The devil is in the detail!

Posted on 21st February, 2020

When I first settled in France 13 years ago, I would regularly drive past a sign as I left a local village that said: GOOD ROAD!




The intention was honourable. English-speaking visitors to the region were being addressed in their own language, and someone had gone to the effort of having a big sign printed. But they had not gone to the effort of checking with a native English speaker that their sign made sense. It looked as though they had simply asked Google Translate for a translation of Bonne route, and this is what they were given. Good road. Whereas what they really wanted to say was 'Safe journey'.


The quality of a translation matters!


These days Google Translate has improved significantly, but ask it to translate Bonne route and it still gives you that same answer. Give it anything more complex, and it delivers a translation that is often awkward, sometimes misleading and occasionally completely wrong. This is because machine translation has no sensitivity to culture or context. Take the beginning of this simple sentence, for example:


Le patrimoine magnifique du Périgord Noir…


Patrimoine is commonly used in French to describe the cultural heritage of a region. There is a similar word in English, 'patrimony', and I have seen this used on tourism websites in the area. It is accurate but not - in this context - a good translation, as 'patrimony' is rarely used in English, and does not reflect the tone of the original. 'Heritage' is a much better solution.
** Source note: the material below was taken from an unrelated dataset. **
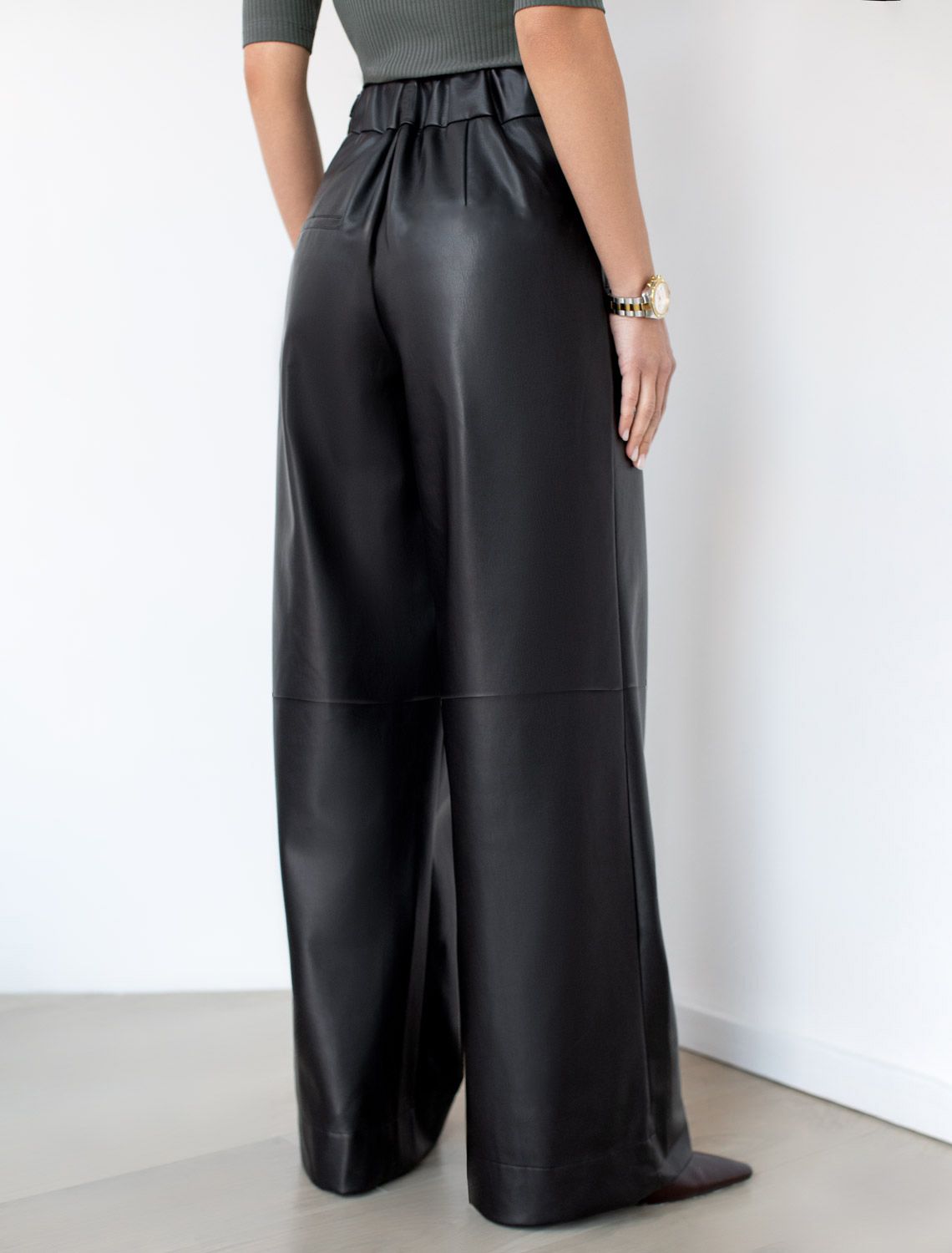 Отзывы и вопросы о товаре «Широкие кожаные брюки-трубы с поясом D24.272 черный»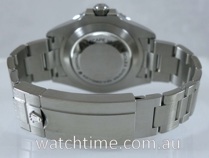 Stainless-steel Oyster case with unidirectional rotatable bezel, scratch-resistant Cerachrom insert in ceramic, numerals and graduations coated in platinum. Triplock screw-down crown. Sapphire crystal

Type the sentence into Google Translate and we get this:


'The magnificent heritage of black perigord...'


So the machine has got 'heritage' right, but with no sensitivity to the cultural context, it has reduced le Périgord Noir to simply 'black perigord'. This is unnecessary, as the region is commonly referred to by its French name in English, complete with capital letters and accent. We also use it in English with the definite article, 'the Périgord Noir' (just as we use the definite article with the names of French departments: 'the Dordogne' or 'the Haute-Vienne'). A fluent translation of the beginning of this sentence would therefore be:


'The magnificent heritage of the Périgord Noir...'


If you are looking to promote a place or a product, its description in English needs to read beautifully. It needs to have been written by a native English speaker. And more than that, it needs to have been written by a native English translator. Because a properly qualified translator chooses her words with care, taking into account the cultural context. There are often several possible translations of a sentence that are accurate, but a good translator will spend time choosing the solution that is most appropriate. Small details make a big difference, and your clients will appreciate it. 


The quality of the translator matters!